Hi not that helpful but you can send 2 images but LLaVA model training did not have training data on 2 images so the result is arbitrary…
When I tried it the newest image is looked at and the previous ones were ignored.
I think you would need to retrain or fine-tune the LLaVA model which 2 image data
Thanks! This is what I was expecting. I saw the same kind of answers from the authors on their github as well. I guess we will need to wait for LLaVA 2.0 for this (LLaVA 1.6 just came out but I do not think it was trained on multi-image).
@alazia I think you are right re llava 1.6 but you could finetune any of these models with multi-image and it would work,.there is also image stitching approach (adding mutipe images into one and the feeding thatti the network) here is an example of this Multiple image embeds in one prompt? · Issue #12 · vikhyat/moondream · GitHub which shows it working… it s very prompt dependent and this seems to be the case with many llaava models
@sujitvasanth Yeah, but right now I do not have the bandwidth to do fine-tuning of VLMs, I was hoping for a zero-shot setup. You are right, the stitching approach is an option, but remember that your image input will be rescaled to the vision encoder size (e.g. 336x336 for LLaVA 1.5), which means that trying to put 2 images inside such a small resolution will make you lose a lot of details and pixel-level features.

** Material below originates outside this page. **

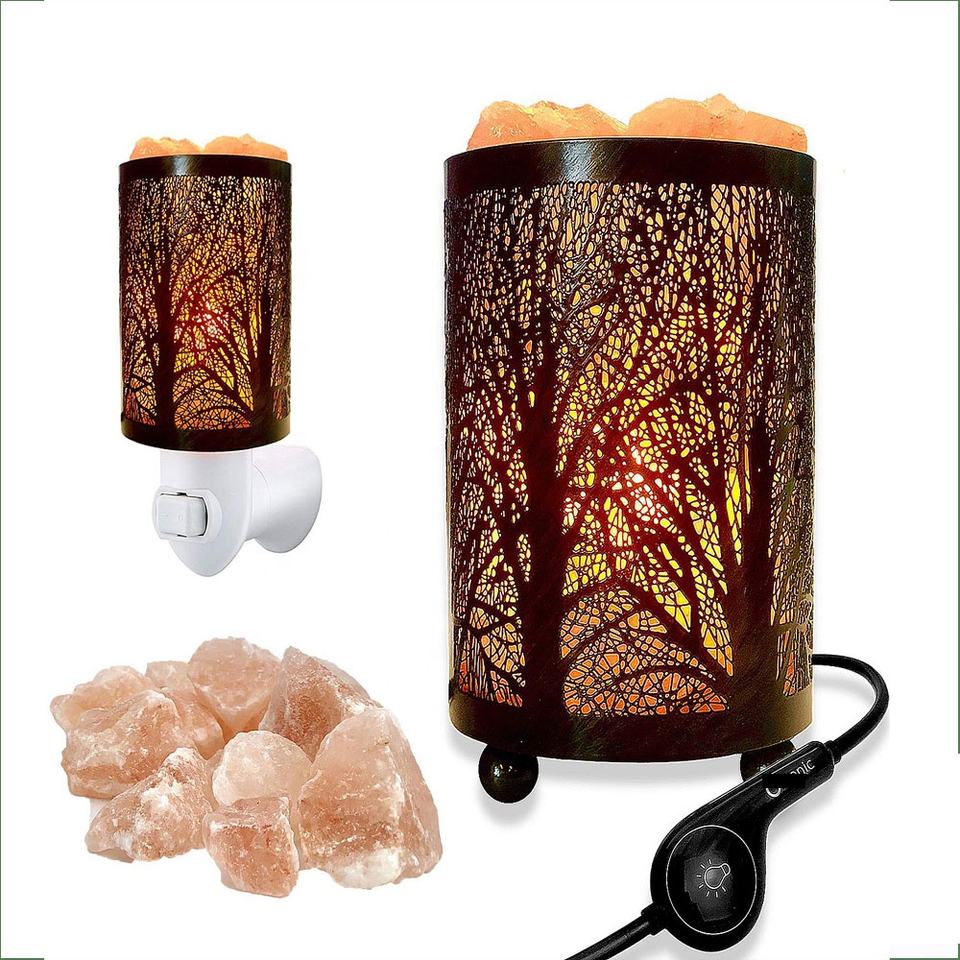 Meilleure lampe à sel en fer noir avec boîte à lumière en cristal et morceaux de sel-Sian Enterprises

The original LLaVa models were indeed not trained with interleaved images, but it’s now added in the docs on how to do that: LLaVa. The same goes for LLaVA-NeXT.
See also here where we discuss which ones could be useful for few-shot prompting.
Indeed, and another model which just got released which supports few-shots is Qwen2-VL, which is integrated natively in the Transformers library. See this tweet regarding sample usage.
Note that it’s a fast moving field so in about 2 weeks this model will again be surpassed by another one.